- S&P 500 Holds Near Record Levels
- Small Caps Improve to Retake a Key Level
- NASDAQ 100 Stalls, Loses Relative Momentum
- Commodities Bulls Look to Reassert Position as Treasuries Fall
- Sentiment Moves Toward Greed
Mid-Week Market Update – United States
The S&P 500 continues to trade near record levels as the new year begins, above the rising 50 and 100-day moving averages. Near-term support begins to come into play near 4,725, while stronger support for the bullish trend is near 4,550. Despite the record highs for price, the 14-day RSI remains in a divergence, making a lower high. The indicator is still in a bullish regime, and the divergence is only confirmed when the price breaks below important support levels.
The S&P Small Cap 600 begins the year by breaking above the resistance level that contained price for most of 2021. The 50 and 100-day moving averages are moving higher, a bullish development for the intermediate-term trend. Holding above 1,420 gives an edge to the bulls and puts the November highs in play. At the same time, the 14-day RSI is doing all that it can to break from a bearish regime after marking a positive divergence at the December 20thlow.
The relative trend remains bearish but is also showing signs of improvement. A break of the 50-day moving average would be a positive sign and would set the stage for an attack on the resistance level.
The NASDAQ 100 is trading near the top of the range that has been in place since early November. The rising 50-day moving average acted as support to some selling pressure yesterday, while the rising 100-day moving average is in line with a key price level in the 15,600 – 15,700 range. As with the S& 500, there is a negative divergence in play as the 14-day RSI has been making lower highs of late. However, the indicator is holding in a bullish regime for now.
The relative trend is choppy and has become a bit of a concern of late, breaking below the 50-day moving average. Losing support at the August and October lows would signify that the NASDAQ 100 has shifted to a lagging trend.
The 10-Year Note starts the new year by breaking down below the declining 50 and 100-day moving averages. The 14-day RSI has moved below the rising trend line that we have been highlighting and remains in a bearish regime, negating the potential momentum shift that we called out last week. The next support level is in line with the December 2019 lows which preceded the COVID rally in early 2020. Treasury bears are in the top position until the moving averages are reclaimed.
The Bloomberg Commodity Index continues to build on the comeback that we cited here last week, closing above the rising 100-day and declining 50-day moving averages. Closing above 101.50 would put the bulls back in control after taking a rest since the October peak. Ideally, we want to see a break of resistance coincide with the 14-day RSI moving into a bullish regime. The indicator has been making higher lows of late, increasing the odds that momentum is shifting to the bulls.
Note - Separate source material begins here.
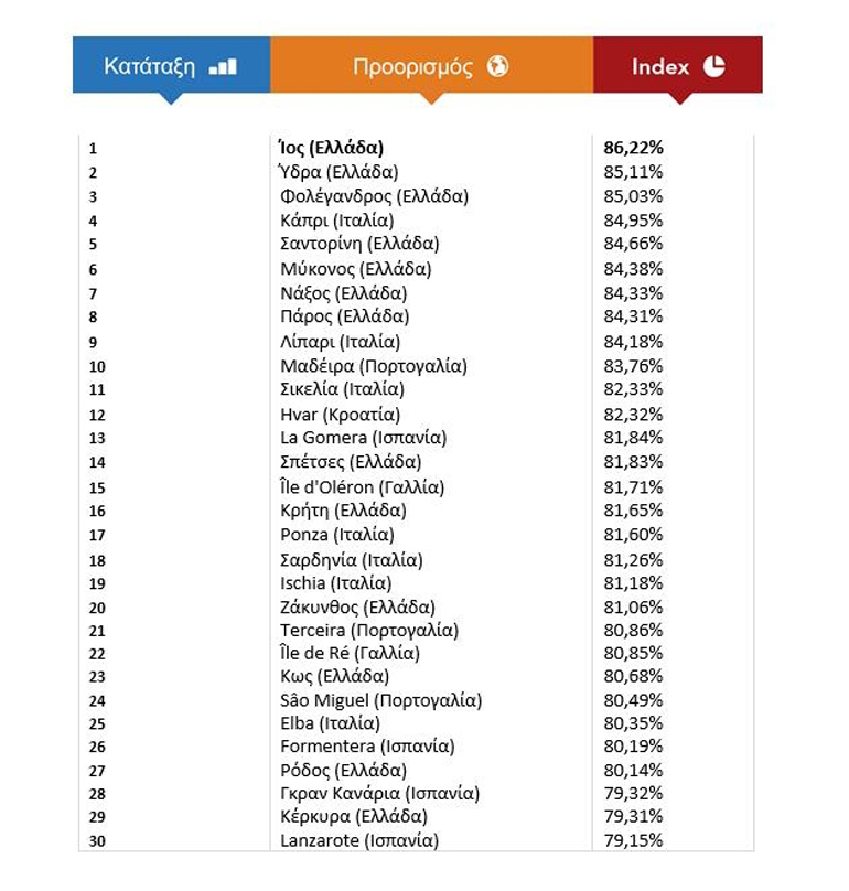 Είναι χαρακτηριστικό ότι στις 7 από τις 8 πρώτες θέσεις της λίστας με τα 30 δημοφιλέστερα νησιά της Μεσογείου βρίσκονται ελληνικοί προορισμοί με την Ίο να καταλαμβάνει την πρώτη θέση με ποσοστό δημοτικότητας 86,22%, ακολουθούμενη από την Ύδρα. Άρωμα Κυκλάδων έχει η τρίτη θέση, η οποία καταλαμβάνεται από την Φολέγανδρο.

After finding support at the August low, the relative trend will have to overcome the declining 50-day moving average and resistance to reestablish a leadership role.
The U.S. Dollar Index continues to stall but has established a short-term support level near 95.60 that lines up with the rising 50-day moving average. The 100-day moving average is at the key 94.50 level. Above these price points, the trend remains to the upside, confirmed by the 14-day RSI, which is in a bullish regime.
The CBOE Volatility Index (VIX) has moved lower over the past week, trading to 16.91 from 17.54. Albeit slowly, “fear” continues to subside in the market, gradually eliminating bearish sentiment as a tailwind.
While the decline in the VIX has been gradual, the rise in the CNN Fear & Greed Index has been more rapid. This week the metric moved from 54 to 68 and is now in a “greed” position.